G-III Apparel Group, Ltd. Announces Fourth Quarter and Full-Year Fiscal 2008 Results
-- Net Sales for the Year Increased 21.5 % to $518.9 million --
-- Net Income for the Year Increased to $17.5 million, or $1.05 per diluted
share, from $13.2 million, or $0.94 per diluted share --
-- Adjusted Net Income Per Diluted Share for the Year Increased to $1.14 from
$0.87 --
-- Adjusted Net Income Per Diluted Share for the Fourth Quarter Increased to
$0.15 from $0.03 --
NEW YORK--G-III Apparel Group, Ltd. (Nasdaq: GIII) today announced operating results for the fourth quarter and full-year of fiscal 2008.
For the fiscal year ended January 31, 2008, G-III reported net sales increased by 21.5% to $518.9 million from $427.0 million last year and net income per diluted share increased to $1.05 from $0.94 last year. There were 16,670,000 weighted shares outstanding for fiscal 2008 compared to 13,982,000 for fiscal 2007.
For the three-month period ended January 31, 2008, G-III reported that net sales increased by 30.2% to $128.7 million from $98.8 million during the comparable period last year and net income per diluted share increased to $0.06 from $0.03 during the comparable period last year. There were 16,873,000 weighted average shares outstanding for the three months ended January 31, 2008 compared to 14,954,000 for the comparable period last year.

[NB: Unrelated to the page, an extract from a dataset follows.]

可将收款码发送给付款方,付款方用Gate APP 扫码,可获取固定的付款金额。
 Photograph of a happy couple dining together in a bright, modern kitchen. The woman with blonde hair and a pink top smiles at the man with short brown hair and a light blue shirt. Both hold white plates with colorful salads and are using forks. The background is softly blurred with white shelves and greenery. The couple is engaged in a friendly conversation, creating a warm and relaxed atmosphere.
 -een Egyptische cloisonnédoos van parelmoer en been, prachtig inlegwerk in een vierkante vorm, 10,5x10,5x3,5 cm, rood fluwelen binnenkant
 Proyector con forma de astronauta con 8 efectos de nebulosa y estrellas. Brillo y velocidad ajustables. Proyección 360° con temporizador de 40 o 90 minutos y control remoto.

The Company noted that fourth quarter and fiscal 2008 results were affected by three different non-recurring items:
* The Company incurred a $3.0 million pre-tax charge in cost of sales, equal to $0.11 per diluted share, to reflect losses with respect to financing that the Company guaranteed related to purchase commitments by one of its vendors. The vendor is no longer in business. * The Company incurred a $720,000 pre-tax charge in cost of sales, equal to $0.03 per diluted share, related to the termination of the Sean John junior sportswear license. * The Company realized a pre-tax gain of $860,000 included in selling general and administrative costs , equal to $0.05 per diluted share, related to the reversal of expense reserves no longer deemed necessary that were recorded in connection with the December 2002 close-down of its Indonesian production facility.

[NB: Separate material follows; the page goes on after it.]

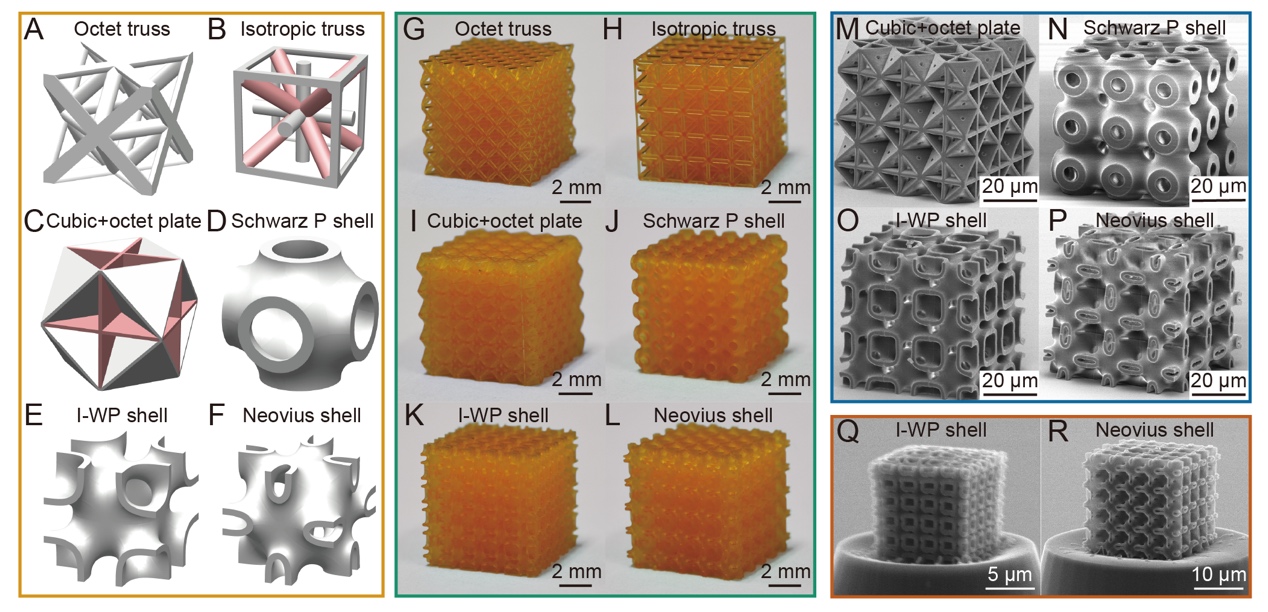 图1.多种桁架、平板和曲面单胞结构以及制备得到的不同特征尺寸的微纳米点阵材料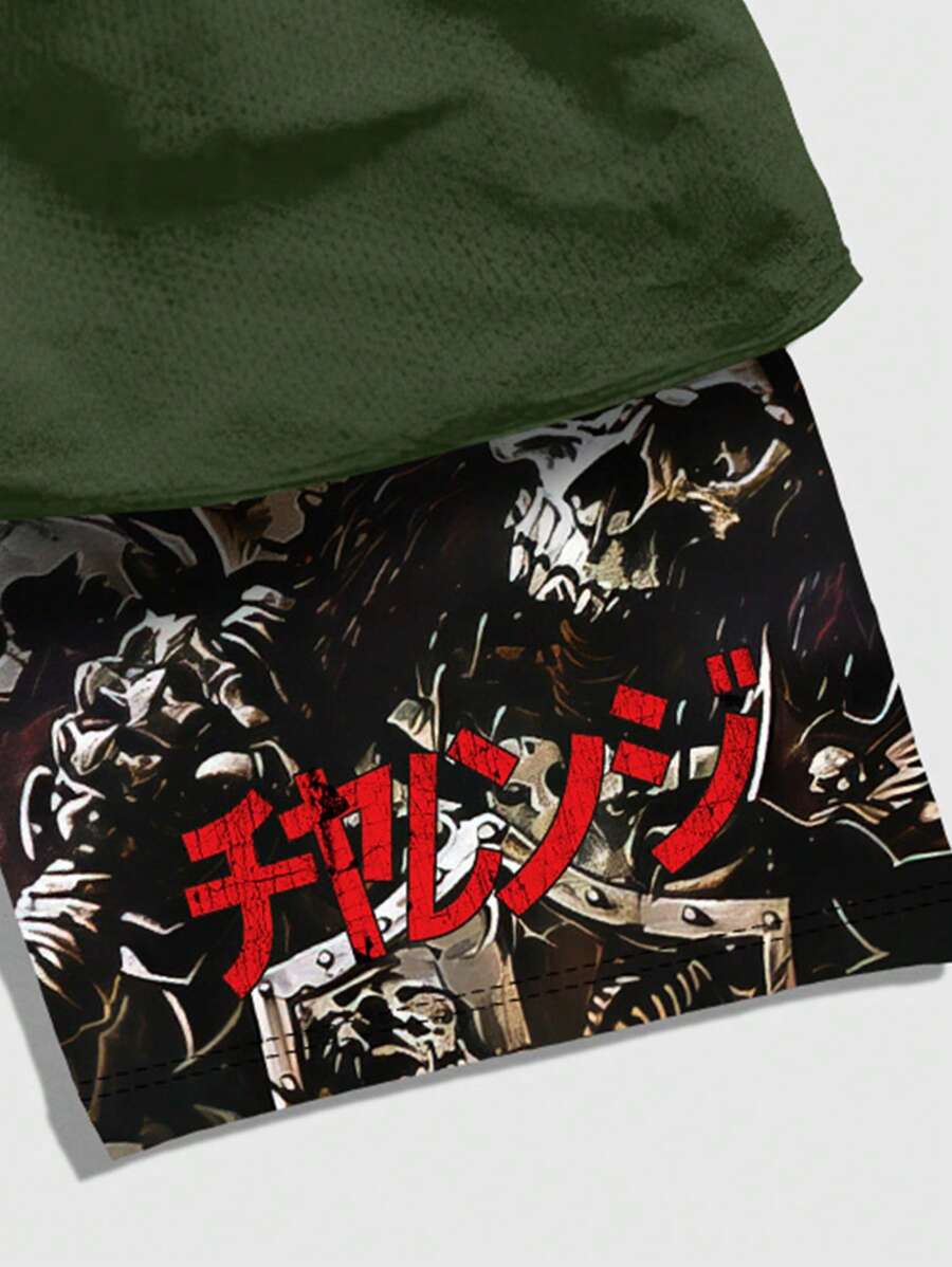 Anime Men's Front Tie Dye Print Layered Casual Shorts, Daily Wear

The prior year's results included the reversal of tax reserves of approximately $950,000, equal to $0.07 per diluted share. Excluding all of these non-recurring items, the Company had adjusted net income per diluted share of $0.15 for the three-months ended January 31, 2008 compared to adjusted net income per diluted share of $0.03 during the comparable period in fiscal 2007. For the fiscal year ended January 31, 2008, G-III's adjusted net income per diluted share was $1.14, compared to adjusted net income per diluted share of $0.87 for fiscal 2007. A reconciliation of adjusted net income per diluted share to net income per diluted share in accordance with GAAP is included in a table accompanying the condensed financial statements in this release.

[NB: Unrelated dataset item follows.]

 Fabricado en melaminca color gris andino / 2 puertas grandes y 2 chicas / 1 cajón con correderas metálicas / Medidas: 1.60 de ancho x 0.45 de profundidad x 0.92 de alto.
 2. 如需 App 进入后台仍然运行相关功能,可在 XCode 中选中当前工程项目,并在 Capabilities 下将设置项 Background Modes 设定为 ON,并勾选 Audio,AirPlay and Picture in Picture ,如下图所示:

For the twelve-month period ended January 31, 2008, EBITDA increased 17.0% to $37.8 million from $32.3 million. EBITDA should be evaluated in light of the Company's financial results prepared in accordance with GAAP. A reconciliation of EBITDA to net income in accordance with GAAP is included in a table accompanying the condensed financial statements in this release.
Morris Goldfarb, G-III's Chairman and Chief Executive Officer, said, "We had a solid fourth quarter and finished fiscal 2008 on a strong note. We saw good momentum in a number of our businesses, including some of our outerwear fashion brands and also in non-outerwear categories, particularly in our dress businesses. While there is no question that the retail environment has been somewhat challenging and is expected to remain that way, we are pleased with what we have accomplished and with our outlook going forward."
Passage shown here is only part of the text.